San Diego-based Cafe Virtuoso’s Savannah Phillips agrees that this likely won’t have a huge impact on whether or not current coffee consumers skip their daily brew: “I consider this a non-issue that will have very little or no impact on our business. Coffee drinkers will not change their habits because we are a pretty smart group of individuals.”

Kyle Glanville of G&B Coffee in LA expressed similar frustration at the perceived baselessness of the warning labels. “If the goal is a more informed consumer, mission not accomplished; what an incomplete story to tell consumers. I mean, that’s the thing about coffee, right? It’s almost too good to be true; you can drink so much of it every day and it only makes your life better, and it doesn’t give you cancer—that’s why we love it! It’s a unicorn product.”

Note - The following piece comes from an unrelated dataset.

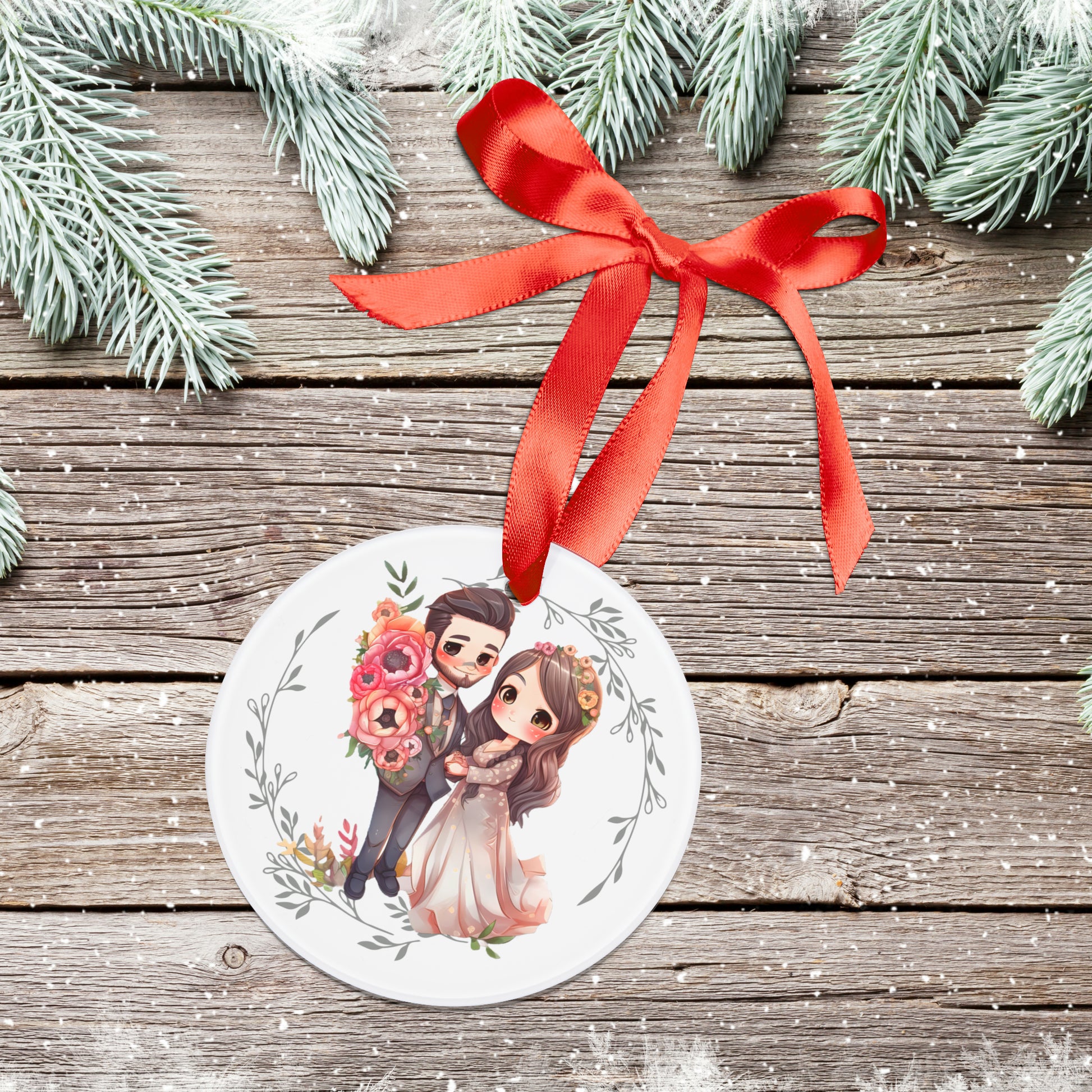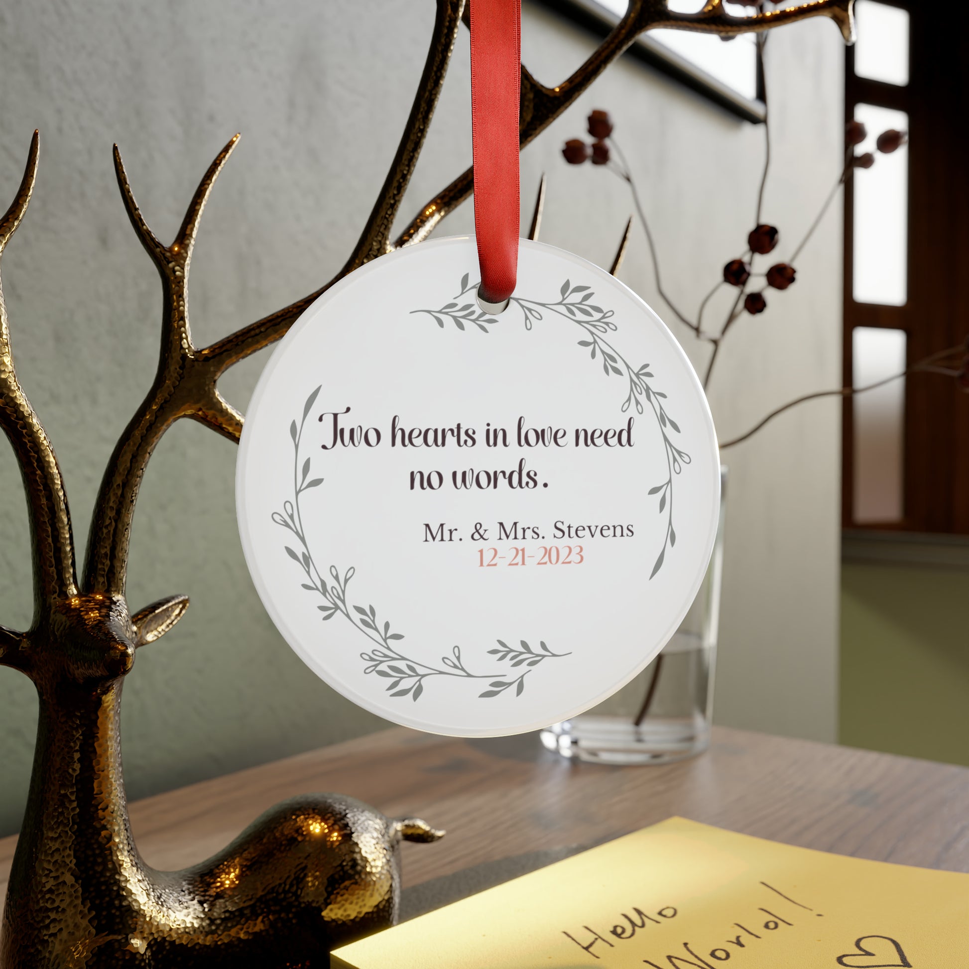 A beautiful gift for any newlywed couple, this acrylic ornament comes with a red hanging ribbon and Glossy Finish in a material made to last.

Sam Sobolewski of Bartavelle Coffee and Wine Bar in Berkeley echoed the sentiment: “It would be nice if these labels reflected some sort of scientific consensus, but since they do not I will happily tell my customers that we have no idea what it’s all about.”

Wendy Warren of Chromatic Coffee in San Jose is less worried; she’s currently ahead of the game, having put up signs in her Santa Clara cafe a couple years ago. “No one has even commented on it. There’s so much good news health-wise out on coffee that we’re not expecting a change in consumption, just the added cost due to labeling changes.”

Both Glanville and Konecny expressed hopes to see major coffee trade organizations take on the battle of appealing this—as NCA has stated they may—and providing the necessary resources for small companies to get organized. “It feels like if you want to do business you’re just in open water surrounded by sharks,” said Glanville, expressing frustration that a safe, beneficial product like coffee could be targeted as a safety concern while dangerous weapons still abound on the open market. “There are people out there who litigate for a living, and right now it seems like small companies could end up very exposed without the resources to protect themselves.”

It’s early days yet, but the people who will face the real impacts of this new legislation have legitimate concerns around how this will affect not only their costs and operations, but also the public perception of coffee in the long run. But, despite the challenges this ruling may bring, each of the business owners I spoke with are hopeful that no matter what, coffee drinkers will continue to follow the research and enjoy their favorite caffeinated beverage, warning sign be damned.